I sing of Artemis, whose shafts are of gold, who cheers on the hounds, the pure maiden, shooter of stags, who delights in archery, own sister to Apollo with the golden sword. Over the shadowy hills and windy peaks she draws her golden bow, rejoicing in the chase, and sends out grievous shafts. The tops of the high mountains tremble and the tangled wood echoes awesomely with the outcry of beasts: earth quakes and the sea also where fishes shoal. But the goddess with a bold heart  turns every way destroying the race of wild beasts: and when she is satisfied and has cheered her heart, this huntress who delights in arrows slackens her supple bow and goes to the great house of her dear brother Phoebus Apollo, to the rich land of Delphi, there to order the lovely dance of the Muses and Graces. There she hangs up her curved bow and her arrows, and heads and leads the dances, gracefully arrayed, while all they utter their heavenly voice, singing how neat-ankled Leto bare children supreme among the immortals both in thought and in deed.Hail to you, children of Zeus and rich-haired Leto!
And now I will remember you and another song also.
[ The Homeric Hymns, English Translation Hugh G. Evelyn-White. ]
Alongside my love of the goddess Hekate, I have an intrinsic love of Artemis, the Huntress and the Mountain-wanderer. In 2006 I published “Artemis” which is a collection of historic snippets about this fascinating Goddess, and with all the amazing work which has been produced by others since then, combined with wonderful visits to some of her most notable temples over the last few years, I am again spending time fostering a closer interest in her. This extract, telling the story of her birth, is from an article I wrote in 2008.

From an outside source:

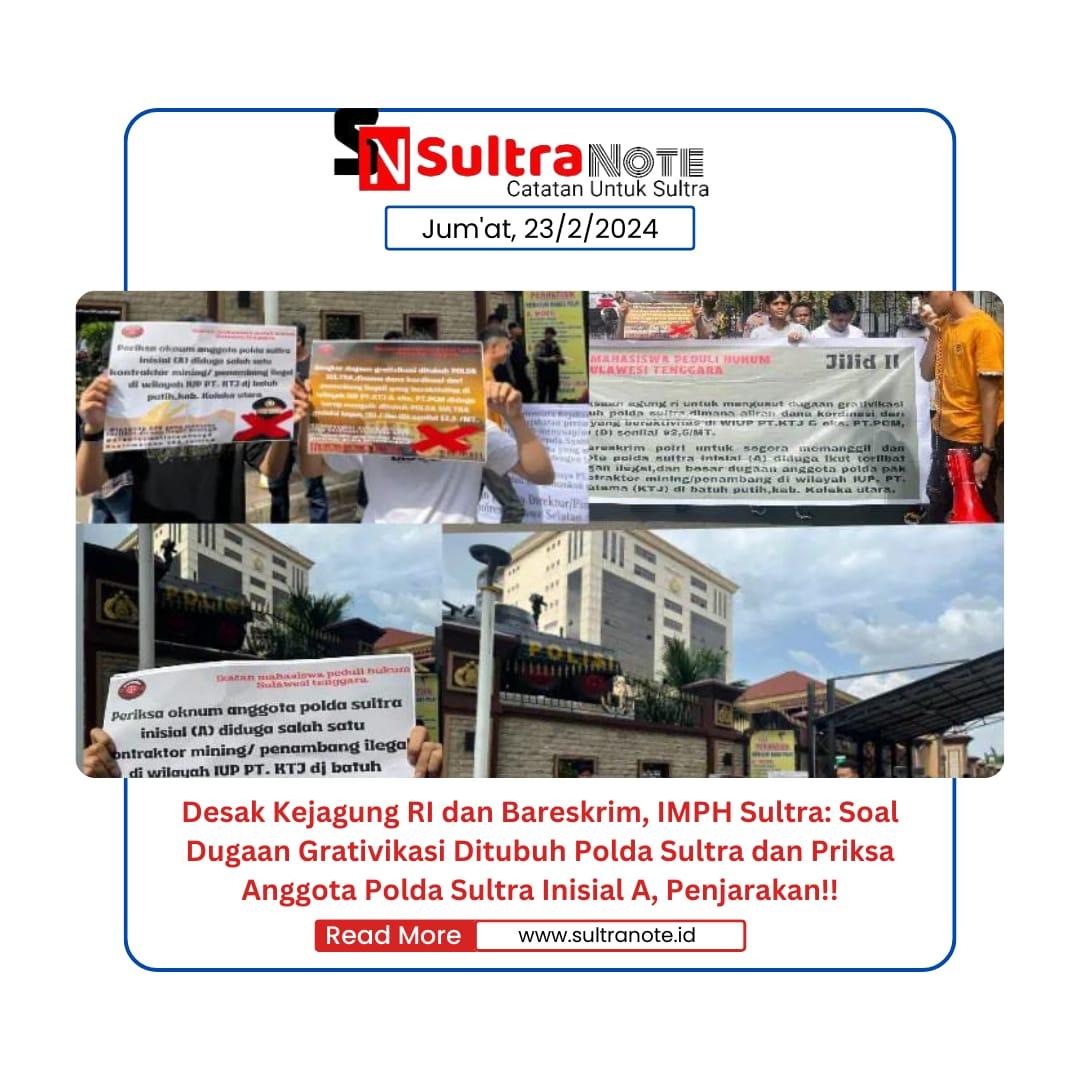 Desak Kejagung RI dan Bareskrim, IMPH Sultra: Soal Dugaan Grativikasi Ditubuh Polda Sultra dan Priksa Anggota Polda Sultra Inisial A, Penjarakan!!
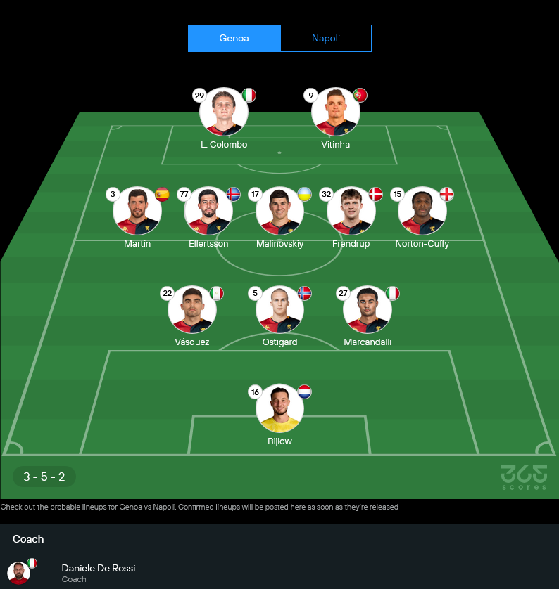 เจนัวของเด รอสซีปีนี้เน้นเกมรุกมันส์ๆ แถมขุมกำลังก่อนเกมนี้ถือว่าค่อนข้างพร้อม มีตัวเจ็บหลักๆ แค่ เบนจามิน ซีกริสต์ ที่พักยาว และ ทอมมาโซ บัลดันซี ที่ยังต้องเช็กฟิต แต่ไม่ได้กระทบโครงสร้างทีมหลักมากนัก รูปแบบการยืนเกมนี้ใช้ 3-5-2 เหมือนเดิม เน้นกลางสนามแน่นๆ แล้วปล่อยคู่หน้าทำงาน

The Birth of ArtemisThis is one version of the story of the birth of the goddess Artemis.
It is a story that sets the scene for many later adventures and also gives a clear explanation for the associations Artemis has with the trails and tribulations of pregnancy and childbirth. The twins were conceived of a union between the Titan Goddess Leto and the Olympian King of the Gods, Zeus, who was known from his many amorous conquests. Zeus was married to the Goddess of marriage, Hera, who was both angry and extremely jealous of Zeus’ affair with Leto.
As a result Hera forced the pregnant Leto in the wilds to give birth to her children. She also sent the Python of Delphi, a giant serpent, to chase Leto across the land, forcing the rulers of all the kingdoms to refuse Leto sanctuary, cursing her so that she would be unable to give birth on solid land. Leto fled escaping the wrath of Hera, tired and exhausted she was unable to find sanctuary, except in Zoster in Attica where she managed to get a little rest.
Eventually, at the very last hour, Zeus came to Leto’s rescue by commanding the North Wind, Boreas, to bear her safely away from the Python to the floating island of Delos. Here Leto was finally able to give birth to the divine twins under an old palm tree. The myths tells us that Artemis’ birth was quick, easy and painless for Leto, but that Apollo’s was a difficult birth. Some of the myths tells us that this was because Eileithyia, the Goddess of childbirth, was being kept busy on Olympus by Hera to prevent her from attending the birth and that it wasn’t until some of the other Goddesses intervened, sending Iris the messenger Goddess to fetch Eileithyia [Hekate] to the birth, that Apollo was finally born. It is here that Artemis first takes the role of divine midwife, helping Eileithyia in the delivery of her own twin brother.